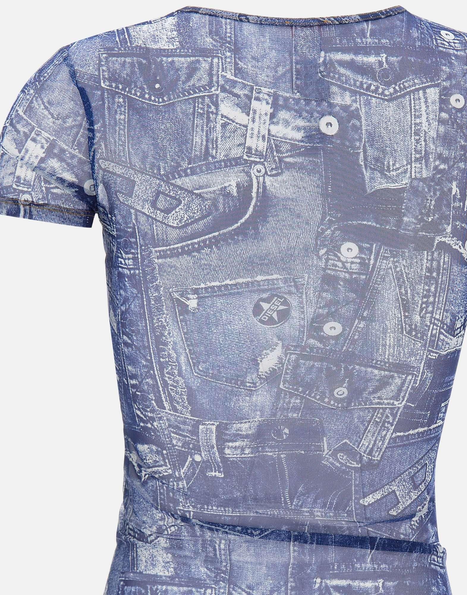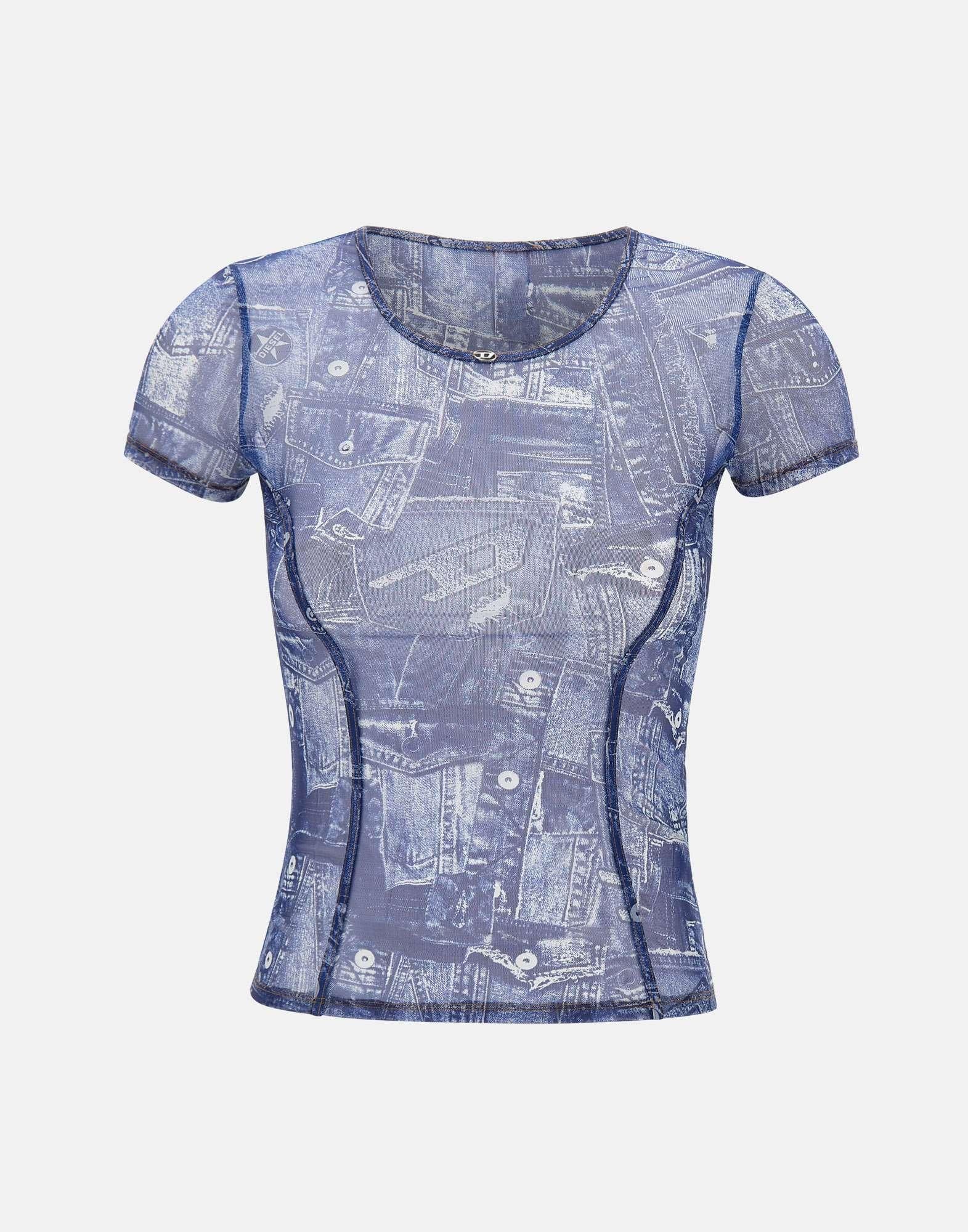 T-shirt donna Diesel "Kasia-Dnm" in tessuto blu trasparente con stampa effetto denim, dal carattere audace e contemporaneo. Presenta girocollo, maniche corte e impunture decorative sul fronte, arricchita da un piccolo logo metallico sul bordo del collo. La vestibilità slim valorizza la silhouette, perfetta per look moderni e distintivi.
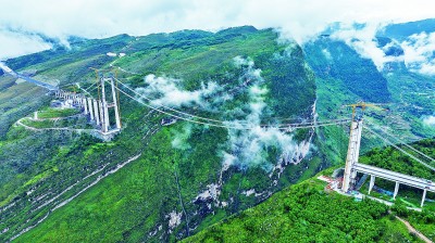 眼下,贵州安(安顺)盘(盘州)高速天门特大桥正抢抓工期,加紧建设,有序推进边跨索夹安装。天门特大桥全长1553米,桥面距离峡谷水面约560米,设计时速100公里。图为5月28日拍摄的建设中的安盘高速天门特大桥。新华社记者 陶亮摄
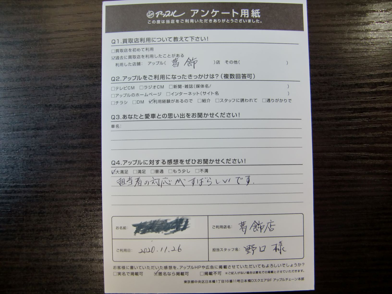 お車のご相談・ 査定だけでもOK! カンタン 入力 30秒 アップルがブランド買取始めました! お電話でも受付中! 受付時間10:00~19:00 03-6662-6181 お車のご相談・ 査定だけでもOK! カンタン 入力 30秒 アップルがブランド買取始めました! お電話でも受付中! 受付時間10:00~19:00 03-6662-6181 アップルがブランド買取始めました! お電話でも受付中! 受付時間10:00~19:00 03-6662-6181 店舗情報 在庫車 スタッフ紹介 ブログ お客様の声 キャンペーン 無料査定 click お客様の声 ご記入日: 2020/11/26 N様 車名:トヨタ ハイエースバン 前へ 次へ お客様の声一覧を見る

Task to carry out
Without the pictures, repeat the listing above exactly.

Answer to the exercise
 T-shirt donna Diesel "Kasia-Dnm" in tessuto blu trasparente con stampa effetto denim, dal carattere audace e contemporaneo. Presenta girocollo, maniche corte e impunture decorative sul fronte, arricchita da un piccolo logo metallico sul bordo del collo. La vestibilità slim valorizza la silhouette, perfetta per look moderni e distintivi.
 眼下,贵州安(安顺)盘(盘州)高速天门特大桥正抢抓工期,加紧建设,有序推进边跨索夹安装。天门特大桥全长1553米,桥面距离峡谷水面约560米,设计时速100公里。图为5月28日拍摄的建设中的安盘高速天门特大桥。新华社记者 陶亮摄
 お車のご相談・ 査定だけでもOK! カンタン 入力 30秒 アップルがブランド買取始めました! お電話でも受付中! 受付時間10:00~19:00 03-6662-6181 お車のご相談・ 査定だけでもOK! カンタン 入力 30秒 アップルがブランド買取始めました! お電話でも受付中! 受付時間10:00~19:00 03-6662-6181 アップルがブランド買取始めました! お電話でも受付中! 受付時間10:00~19:00 03-6662-6181 店舗情報 在庫車 スタッフ紹介 ブログ お客様の声 キャンペーン 無料査定 click お客様の声 ご記入日: 2020/11/26 N様 車名:トヨタ ハイエースバン 前へ 次へ お客様の声一覧を見る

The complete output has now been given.